通常使用されている化学的機械的研磨方法による平坦化においては、砥粒を研磨液に分散させたスラリーを研磨パッドに流すと同時に、キャリアに保持された基板を回転させながら研磨する方法がある。例えば絶縁膜研磨用スラリーとしては、二酸化ケイ素(例えば、特許文献1参照。)や酸化セリウム(例えば、特許文献2参照。)などを研磨液に分散させたものがある。これらの方法では、基板を傷つけないために比較的軟質な研磨パッドが用いられるが、砥粒が研磨パッドに保持されていないことにより研磨速度が遅いという問題点がある。また、回路パターンを転写した基板を研磨する場合には、研磨速度が回路配線の間隔により変化し、ディッシングやシニングといった研磨ムラが発生する難点がある。また、使用済みの砥粒の処理などの問題がある。
【0003】
これらの問題点を解決するための別の方法として、砥粒を固着した回転盤に基板を押し当て回転、摺動させながら研磨する方法がある(例えば、特許文献3,特許文献4,特許文献5等参照。
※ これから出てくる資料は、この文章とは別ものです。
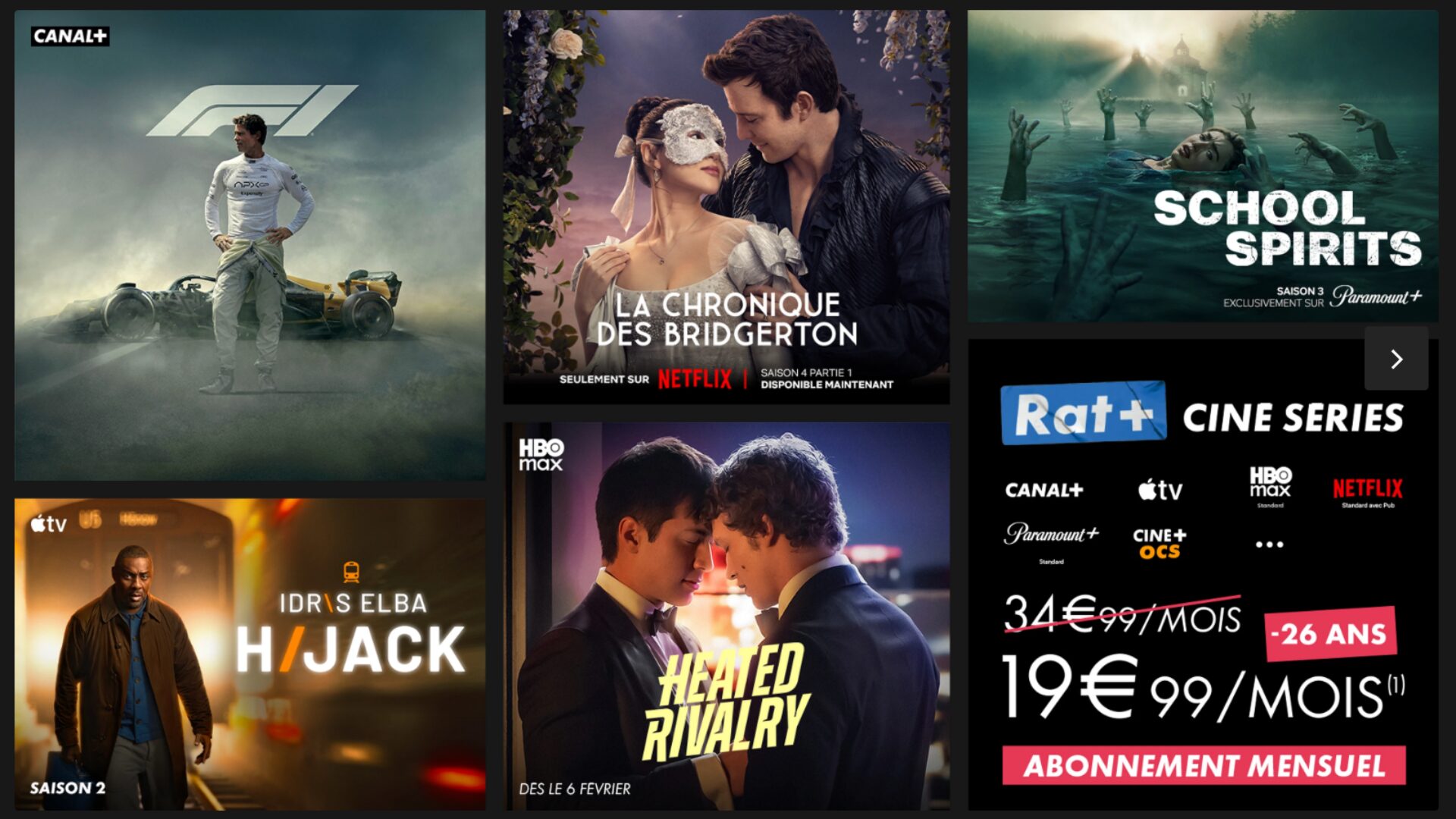 L’offre Rat + Ciné Séries de Canal+ est réservée aux moins de 26 ans, et comprend le bouquet Canal+ et l’ensemble de son contenu, ainsi qu’Apple TV+, Netflix, Paramount+, OCS, et HBO Max, au prix de 19,99 € par mois sans engagement. Vous avez jusqu’au 12 mars 2026 pour souscrire à l’abonnement.

)。
この方法では砥粒が固定されているので研磨速度が比較的速いという利点がある。
【0004】
【特許文献1】
特開2001−26771号公報
【特許文献2】
特開2001−179610号公報
【特許文献3】
特開平10−329031号公報
【特許文献4】
特開平11−333705号公報
【特許文献5】
特開2001−49243号公報
【0005】
【発明が解決しようとする課題】
しかしながらこのような固定式砥粒による研磨の方法では、研磨時にスクラッチと呼ばれる微小キズが発生する問題や、砥粒の脱落による深い研磨痕が発生する問題がある。これらのキズは回路短絡の原因になるため、デバイスの歩留まりの低下を招きやすい。
半導体デバイスの高性能化を達成するためには、基板表面の研磨の精度を向上させ、キズや研磨痕の無い基板の提供が必須要件となる。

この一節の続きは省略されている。